◆ **WHAT THIS TASK INVOLVES**
Exact copies of all the lines below are required, with the pictures omitted.

◆ **DATA**
***

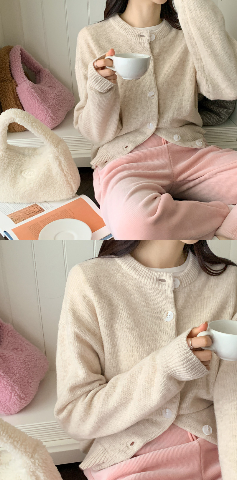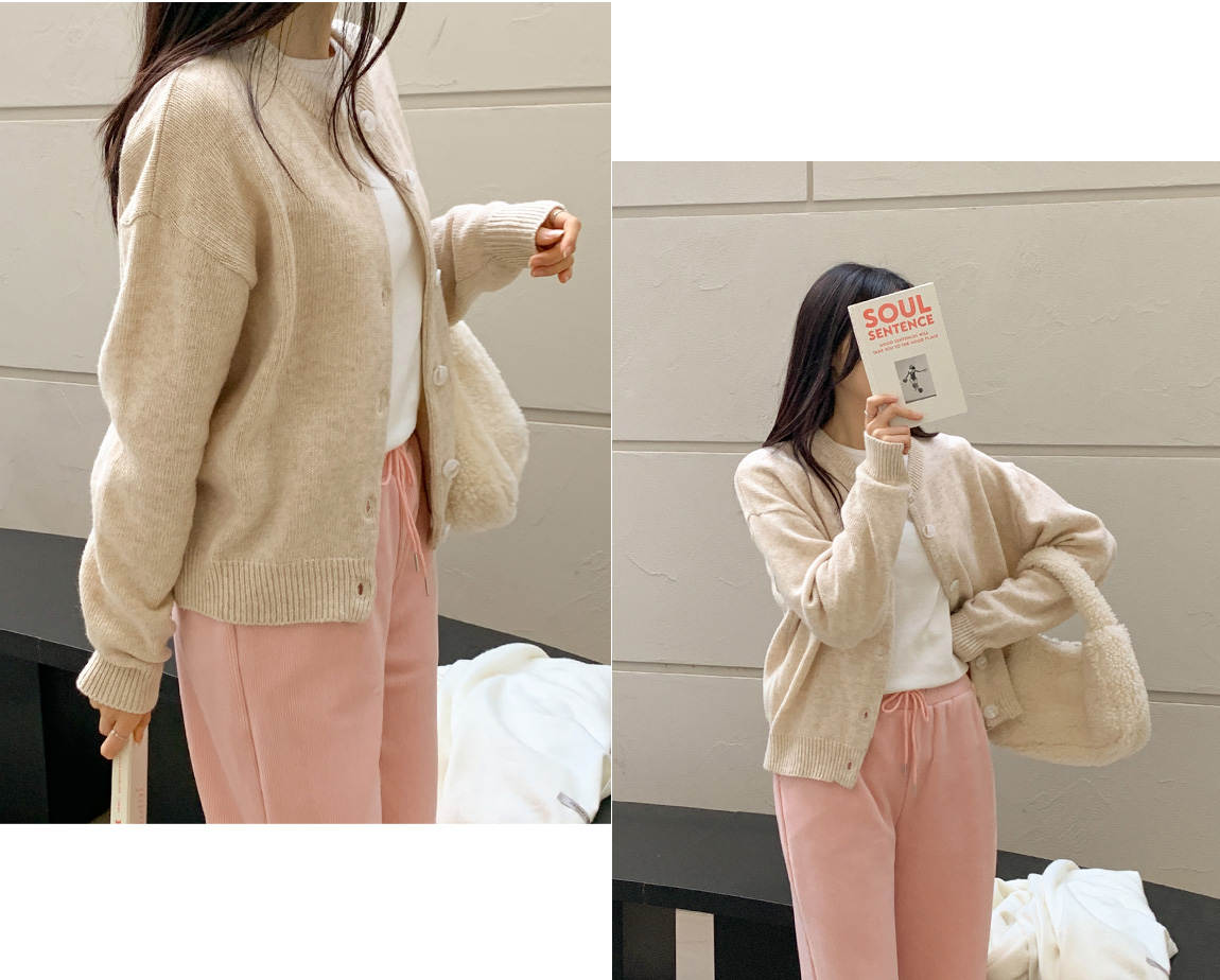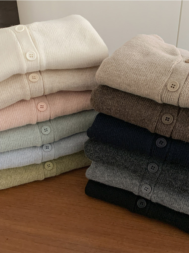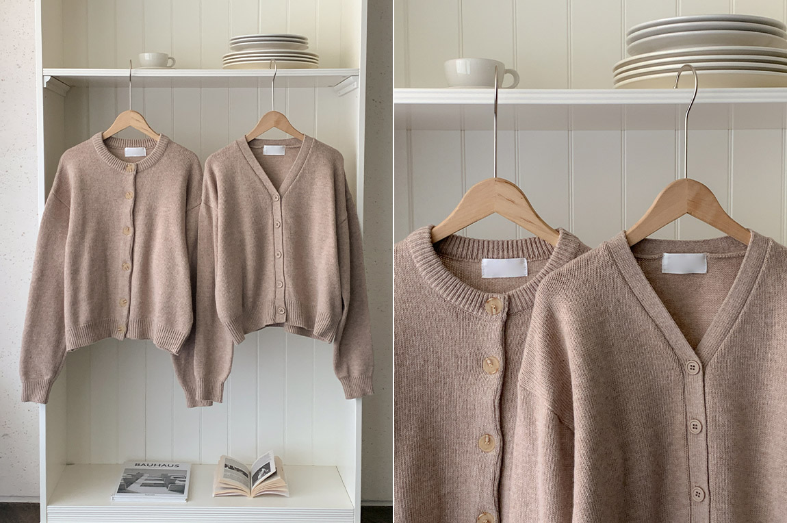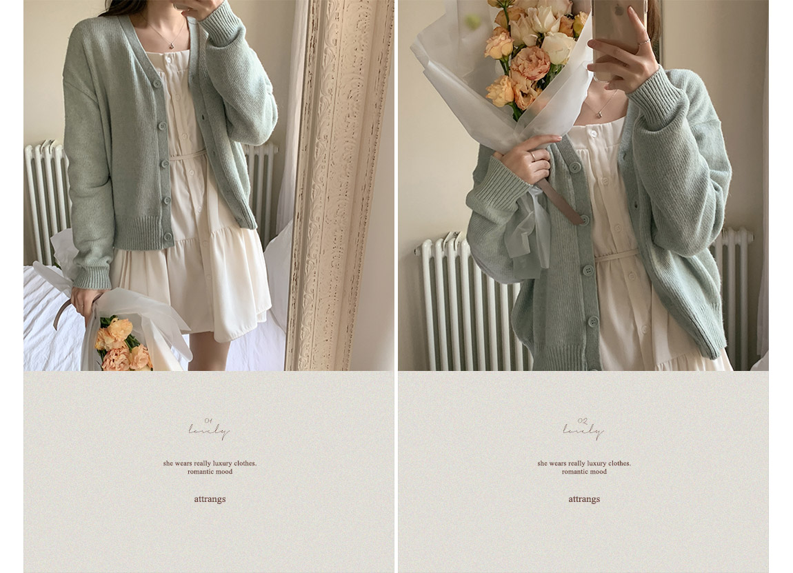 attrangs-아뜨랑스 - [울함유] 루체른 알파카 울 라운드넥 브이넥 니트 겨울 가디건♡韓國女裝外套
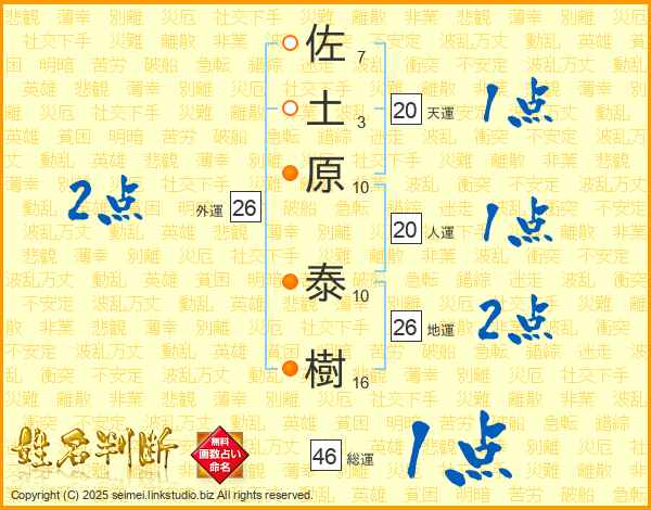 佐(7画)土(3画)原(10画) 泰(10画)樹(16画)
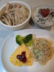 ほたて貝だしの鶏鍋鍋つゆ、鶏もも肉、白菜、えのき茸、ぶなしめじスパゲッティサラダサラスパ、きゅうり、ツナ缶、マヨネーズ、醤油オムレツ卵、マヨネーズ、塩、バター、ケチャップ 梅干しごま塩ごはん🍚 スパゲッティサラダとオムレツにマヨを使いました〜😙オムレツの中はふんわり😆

***

◆ **RESULT OF THIS EXERCISE**
 attrangs-아뜨랑스 - [울함유] 루체른 알파카 울 라운드넥 브이넥 니트 겨울 가디건♡韓國女裝外套
 佐(7画)土(3画)原(10画) 泰(10画)樹(16画)
 ほたて貝だしの鶏鍋鍋つゆ、鶏もも肉、白菜、えのき茸、ぶなしめじスパゲッティサラダサラスパ、きゅうり、ツナ缶、マヨネーズ、醤油オムレツ卵、マヨネーズ、塩、バター、ケチャップ 梅干しごま塩ごはん🍚 スパゲッティサラダとオムレツにマヨを使いました〜😙オムレツの中はふんわり😆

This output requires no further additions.